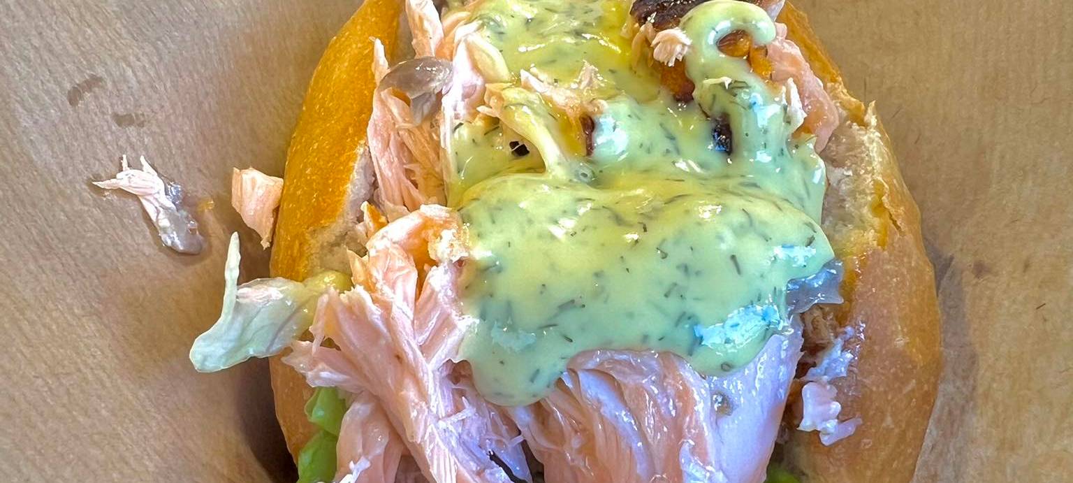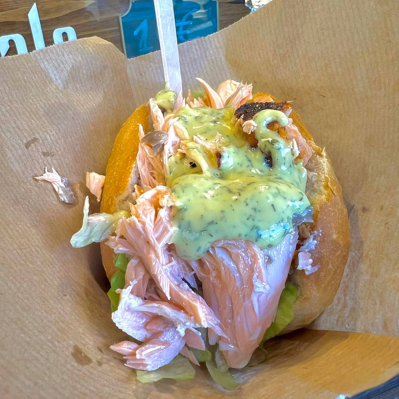 - Hauptgericht: Flammlachs-Brötchen mit Honig-Senf-Sauce
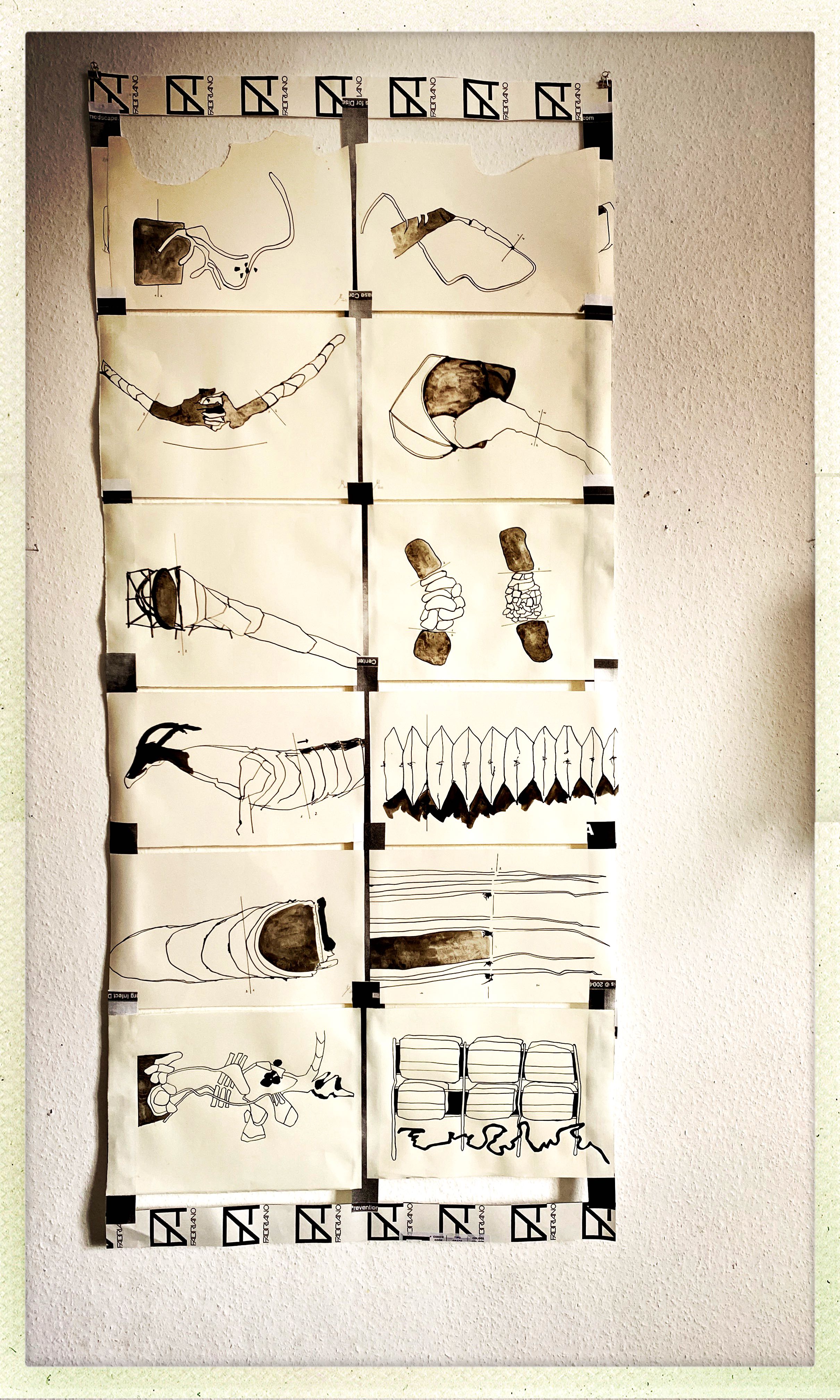 Daraus resultiert der selbstauferlegte Arbeitsauftrag: Untersuche die nahe Umgebung des Alten Wasserwerks fotografisch und zeichne anschließend Wachstumsstellen, die Du gefunden hast, und erstelle daraus Papierobjekte, die im dritten Schritt fotografisch dokumentiert werden und Ausgangslage für weitere Zeichnungen sind …
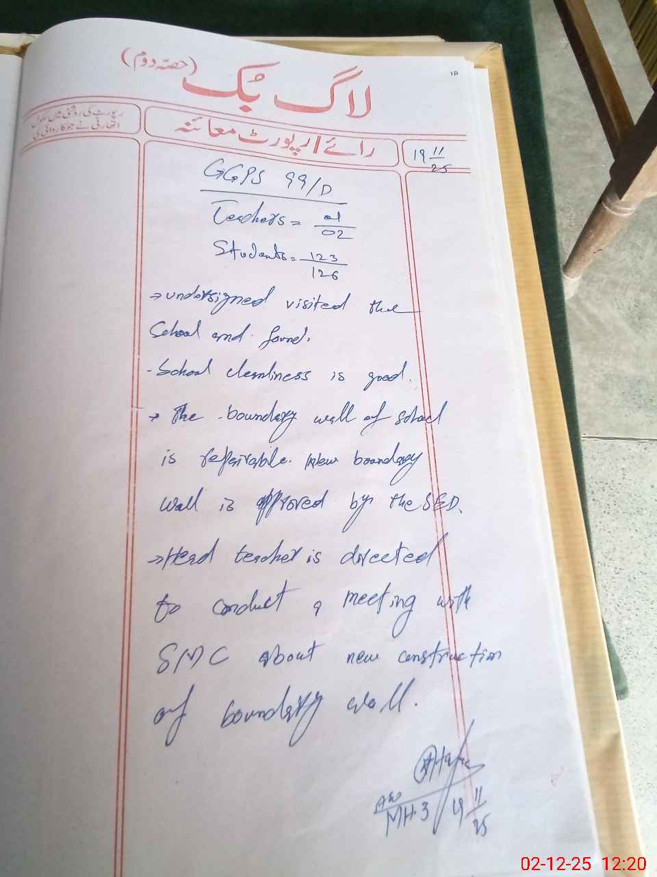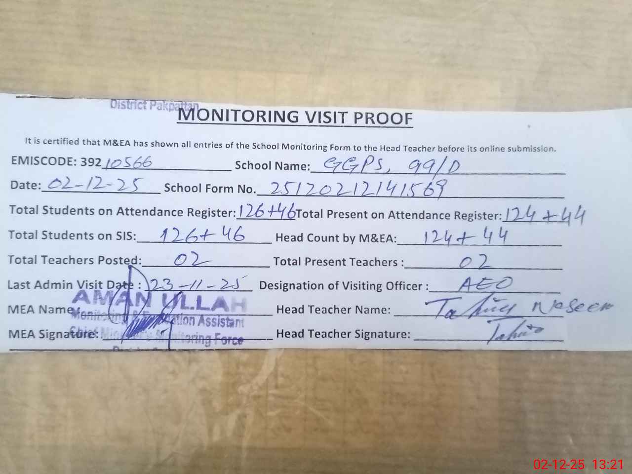 | EMIS Code: 39210566 | Name of School: GGPS 99/D | |||
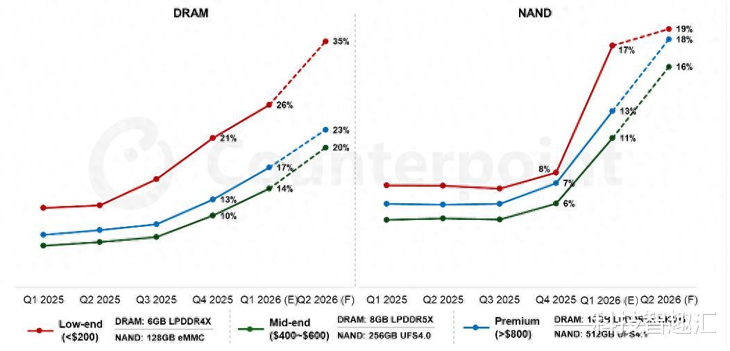 2026年,智能手机行业的第一场"价格风暴"已经提前到来,多家品牌官宣上调零售价,引发市场广泛关注。这场涨价潮的背后,是不可忽视的存储芯片成本上涨压力——第三方研究机构Counterpoint最新研报指出,入门级产品2026年第一季度总物料清单成本环比增长超过20%。
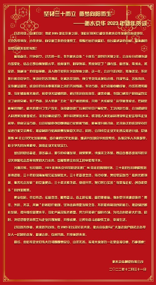 堅韌三十而立 賡續(xù)奮進 鑄夢京華2023年度衡水京華業(yè)務(wù)經(jīng)理大會在衡水京華勝利召開律回春暉漸、萬象始更新!2023年2月25日,衡水京華、鄭州京華、日照京華2023年度業(yè)務(wù)經(jīng)理大會在衡水京華制管有限公司隆重召開。衡水京華、鄭州京華、日照京華相關(guān)領(lǐng)導(dǎo)及業(yè)務(wù)經(jīng)理出席了本次會議。會議主題為“堅韌三十而立 賡續(xù)奮進 鑄夢京華”···
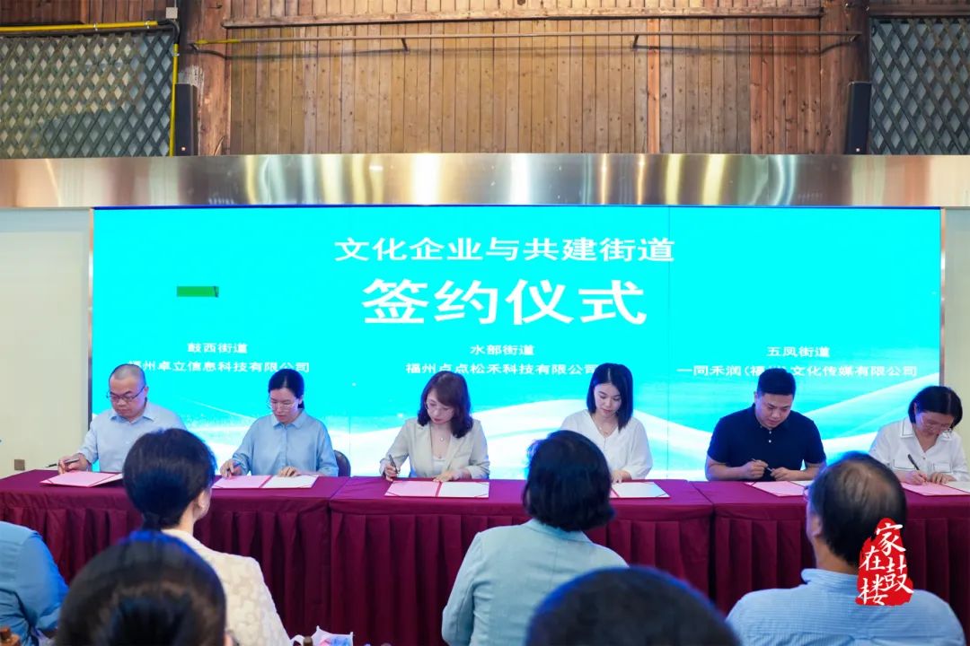 鼓西街道、水部街道、五凤街道分别与福州卓立信息科技有限公司、福州点点松禾科技有限公司、一同禾润(福州)文化传媒有限公司签订战略合作协议,共同激活基层文化产业创新联动效能。
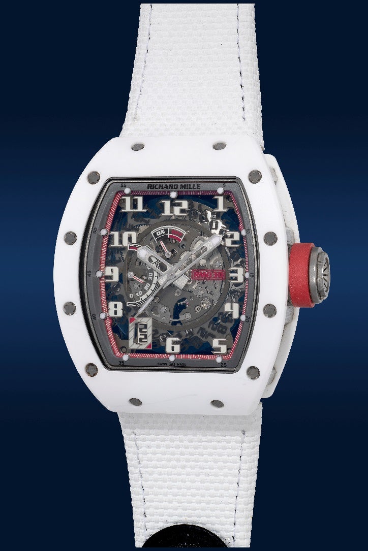Coming to the auction market for the first time, the current iteration of the present RM030 is a limited edition of only 50 pieces created specifically for the Japanese market. Featuring a robust ATZ ceramic case made from aluminum oxide powder tubes, it was injected at a pressure of a whopping 2,000 bar. With the rigidity increased through the process, it is one of the hardest materials in the world. Notably, ATZ ceramic is highly hypoallergenic and exhibits exceptional resistance to scratches, shocks, and abrasion, making it an ideal material for a watch case.
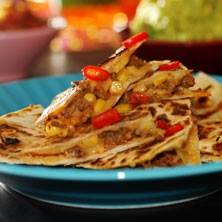 3. Dela quesadillan i 6 delar och servera på fat med salsa att skeda på.
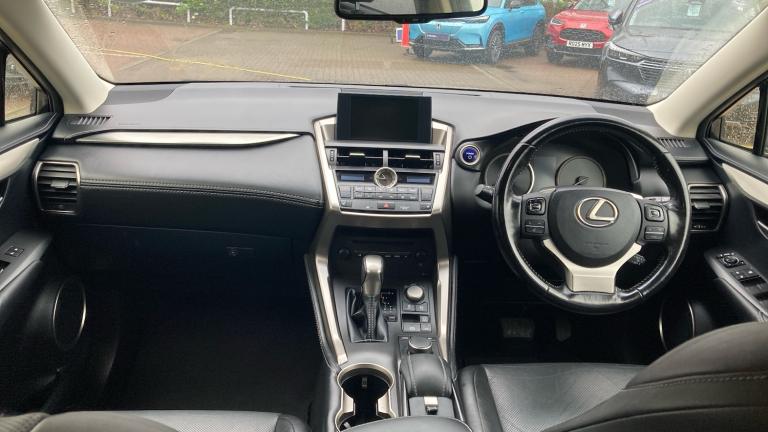 The Lexus NX 300h Luxury is a refined, self-charging hybrid SUV designed for drivers who prioritise comfort and build quality over aggressive performance. Powered by a 2.5-litre Atkinson-cycle petrol engine paired with an electric motor, it delivers a combined 195 hp through a smooth E-CVT automatic transmission. The Luxury trim distinguishes itself with premium upgrades, including perforated leather upholstery, heated and ventilated front seats while its angular, terminator-like exterior makes a bold statement, the interior remains a serene sanctuary with high-quality materials and advanced tech like the Lexus Safety System+. Ideal for urban commuting, its hybrid system excels in stop-start traffic, offering near-silent EV-only running at low speeds. Despite its compact footprint, it remains practical with a 475-litre boot and standard E-Four all-wheel drive on most models..Climate Control, Metallic Paint, Cruise Control, Alloy Wheels, Leather Seats, Heated Seats, DAB Radio, Bluetooth, Parking Sensors, Full Service History, CD Player, Electric Seats, Keyless Entry-Push Button Start, Rear Camera, Auto Lights, Rain Sensors& 4x4, Rear wiper, ABS, Vehicle Stability Control (VSC), Bluetooth telephone connectivity, PAS, Push button starter, Trip computer, Electric/heated/folding door mirrors, Silver interior trim, 8 speakers, Roof rails, LED daytime running lights, Dual climate control air conditioning system, Leather upholstery, LED interior illumination, Active front headrests, Heated front seats, Alarm, Sliding sunvisors with illuminated vanity mirrors, Space saver spare wheel
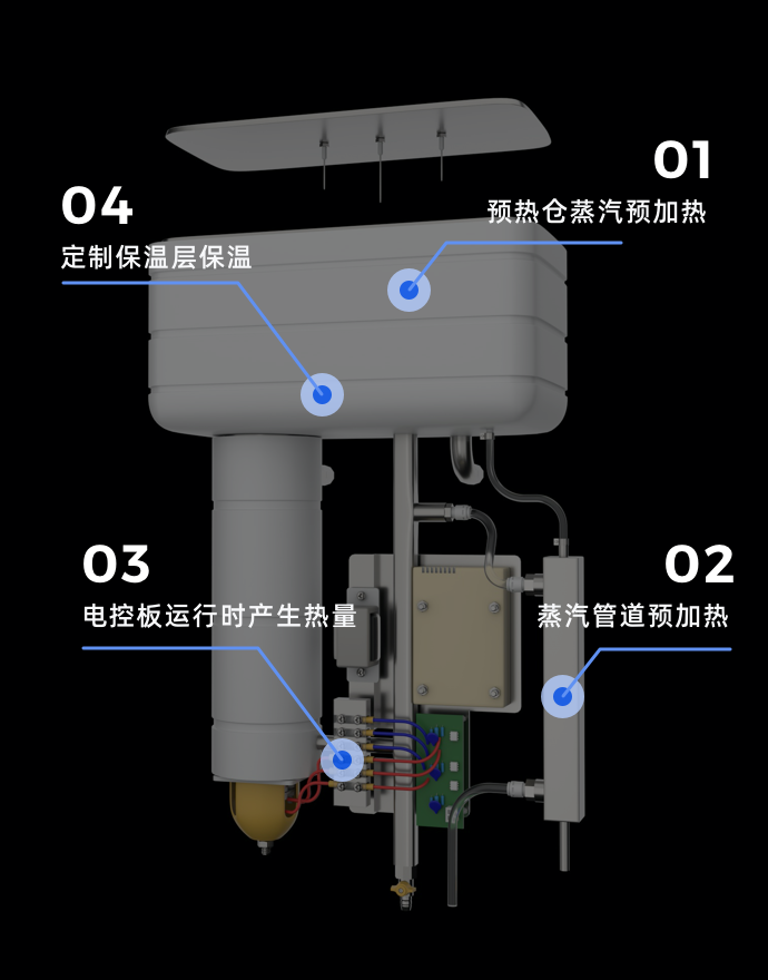 预热仓在沸水箱内,外部为沸水产生的蒸汽,进一步提前预热。
§
- **Assigned task**:
Repeat, exactly and in full, all records above, but include no pictures.

- **The answer**:
 - Hauptgericht: Flammlachs-Brötchen mit Honig-Senf-Sauce
 Daraus resultiert der selbstauferlegte Arbeitsauftrag: Untersuche die nahe Umgebung des Alten Wasserwerks fotografisch und zeichne anschließend Wachstumsstellen, die Du gefunden hast, und erstelle daraus Papierobjekte, die im dritten Schritt fotografisch dokumentiert werden und Ausgangslage für weitere Zeichnungen sind …
 | EMIS Code: 39210566 | Name of School: GGPS 99/D | |||
 2026年,智能手机行业的第一场"价格风暴"已经提前到来,多家品牌官宣上调零售价,引发市场广泛关注。这场涨价潮的背后,是不可忽视的存储芯片成本上涨压力——第三方研究机构Counterpoint最新研报指出,入门级产品2026年第一季度总物料清单成本环比增长超过20%。
 堅韌三十而立 賡續(xù)奮進 鑄夢京華2023年度衡水京華業(yè)務(wù)經(jīng)理大會在衡水京華勝利召開律回春暉漸、萬象始更新!2023年2月25日,衡水京華、鄭州京華、日照京華2023年度業(yè)務(wù)經(jīng)理大會在衡水京華制管有限公司隆重召開。衡水京華、鄭州京華、日照京華相關(guān)領(lǐng)導(dǎo)及業(yè)務(wù)經(jīng)理出席了本次會議。會議主題為“堅韌三十而立 賡續(xù)奮進 鑄夢京華”···
 鼓西街道、水部街道、五凤街道分别与福州卓立信息科技有限公司、福州点点松禾科技有限公司、一同禾润(福州)文化传媒有限公司签订战略合作协议,共同激活基层文化产业创新联动效能。
Coming to the auction market for the first time, the current iteration of the present RM030 is a limited edition of only 50 pieces created specifically for the Japanese market. Featuring a robust ATZ ceramic case made from aluminum oxide powder tubes, it was injected at a pressure of a whopping 2,000 bar. With the rigidity increased through the process, it is one of the hardest materials in the world. Notably, ATZ ceramic is highly hypoallergenic and exhibits exceptional resistance to scratches, shocks, and abrasion, making it an ideal material for a watch case.
 3. Dela quesadillan i 6 delar och servera på fat med salsa att skeda på.
 The Lexus NX 300h Luxury is a refined, self-charging hybrid SUV designed for drivers who prioritise comfort and build quality over aggressive performance. Powered by a 2.5-litre Atkinson-cycle petrol engine paired with an electric motor, it delivers a combined 195 hp through a smooth E-CVT automatic transmission. The Luxury trim distinguishes itself with premium upgrades, including perforated leather upholstery, heated and ventilated front seats while its angular, terminator-like exterior makes a bold statement, the interior remains a serene sanctuary with high-quality materials and advanced tech like the Lexus Safety System+. Ideal for urban commuting, its hybrid system excels in stop-start traffic, offering near-silent EV-only running at low speeds. Despite its compact footprint, it remains practical with a 475-litre boot and standard E-Four all-wheel drive on most models..Climate Control, Metallic Paint, Cruise Control, Alloy Wheels, Leather Seats, Heated Seats, DAB Radio, Bluetooth, Parking Sensors, Full Service History, CD Player, Electric Seats, Keyless Entry-Push Button Start, Rear Camera, Auto Lights, Rain Sensors& 4x4, Rear wiper, ABS, Vehicle Stability Control (VSC), Bluetooth telephone connectivity, PAS, Push button starter, Trip computer, Electric/heated/folding door mirrors, Silver interior trim, 8 speakers, Roof rails, LED daytime running lights, Dual climate control air conditioning system, Leather upholstery, LED interior illumination, Active front headrests, Heated front seats, Alarm, Sliding sunvisors with illuminated vanity mirrors, Space saver spare wheel
 预热仓在沸水箱内,外部为沸水产生的蒸汽,进一步提前预热。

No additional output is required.